Biggest great white sharks ever recorded
There are many tales through the years of huge great white sharks being found, and where photographic evidence is presented, it has been possible for experts to prove or disprove the claims made of length.
In 2009, a massive male great white shark was caught off Guadalupe Island, Mexico, measuring 17.9 feet (5.5m).
He was then tagged and released, allowing scientists to track his future movements.
In 1945, a 21.3ft (6.49m) shark was caught in Cuban waters and this shark length has been ratified by Ellis and McCosker.
In 1983, Canadian David McKendrick caught a 20.3ft (6.1m) great white shark at Prince Edward Island and this length has been ratified by the Canadian Shark research Centre.
On May 14, 1997, a great white shark was caught in a set-net in Seven Star Lake, Hualien County, Taiwan.
Its length was estimated at 6.7 to 7.0 metres, which is between 22 and 23 feet.
This would make the biggest great white shark ever recorded, but it remains unratified.
How great white sharks are measured
The trouble with measuring great white sharks is:
No-one wants to be close-up to them in water.
They have never been bred in captivity (for some reason they do not thrive away from the ocean).
They are very difficult to catch and land.
Great white sharks are protected in many oceans of the world, and so are not taken out of the water.
Dead great white sharks are eaten at sea by other sharks, and so seldom do their carcases wash up on a beach.

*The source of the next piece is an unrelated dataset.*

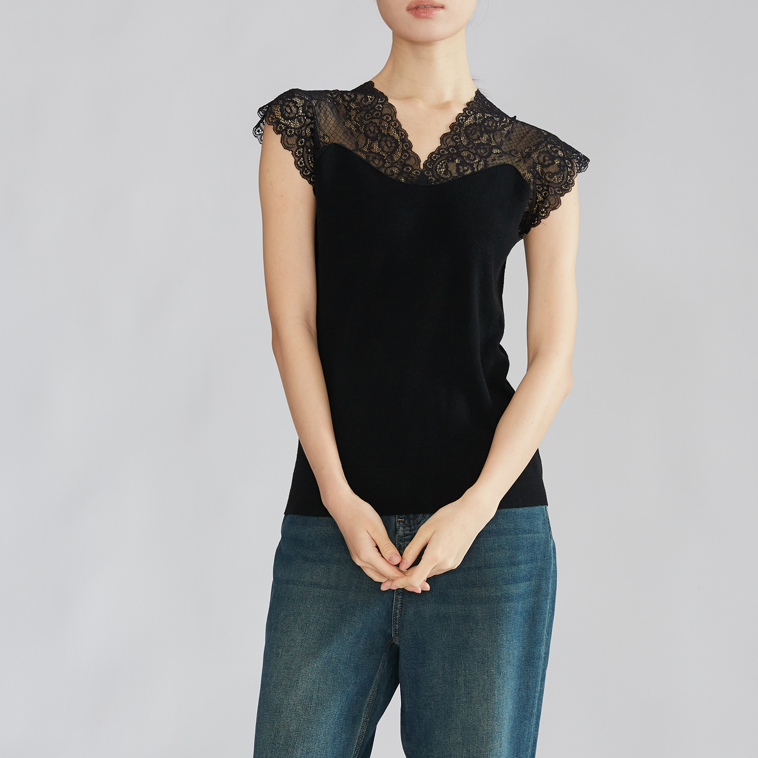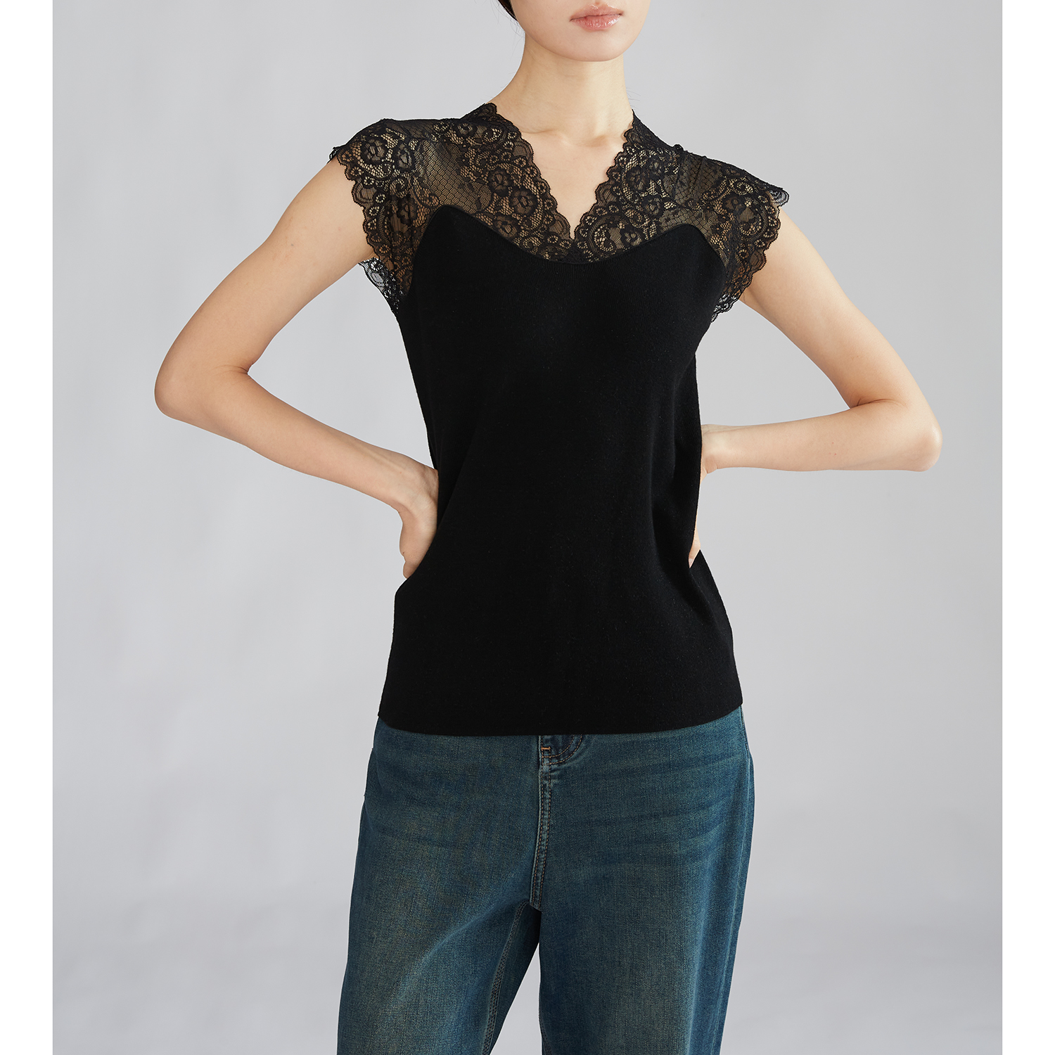 真丝羊绒蕾丝背心含桑蚕丝V领

That said, programs are now underway to tag certain smaller specimens, and as they grow scientists will be able to take readings from those tags (they are linked up to satellites). It is hoped in future that man may learn much more about this amazing beast, as relatively little is known now.
Great white sharks, as we know them today, have been around for at least 11 million years, and their ancestors existed on Earth 400 million years ago, which is 200 million years before the dinosaur appeared.
Dark, fearsome predators and widely believed to be top of the oceanic food chain, man has long held a deep fascination and an even deeper respect for the great white shark.
Made from cartilage instead of bone, accurately measuring great white sharks is difficult, especially when they are alive.
Dead great white shark found in Mexico April 2012
Two Mexican fishermen caught more than they bargained for in their nets – a 2000lb great white shark measuring almost 20ft in length.
The shark was already dead, but they towed it the one and a half miles to shore where others helped drag the giant great shark up the beach onto dry land.
It took more than 50 men to drag the shark from the shore to the docks, where it was later cut up and served to the townsfolk to eat.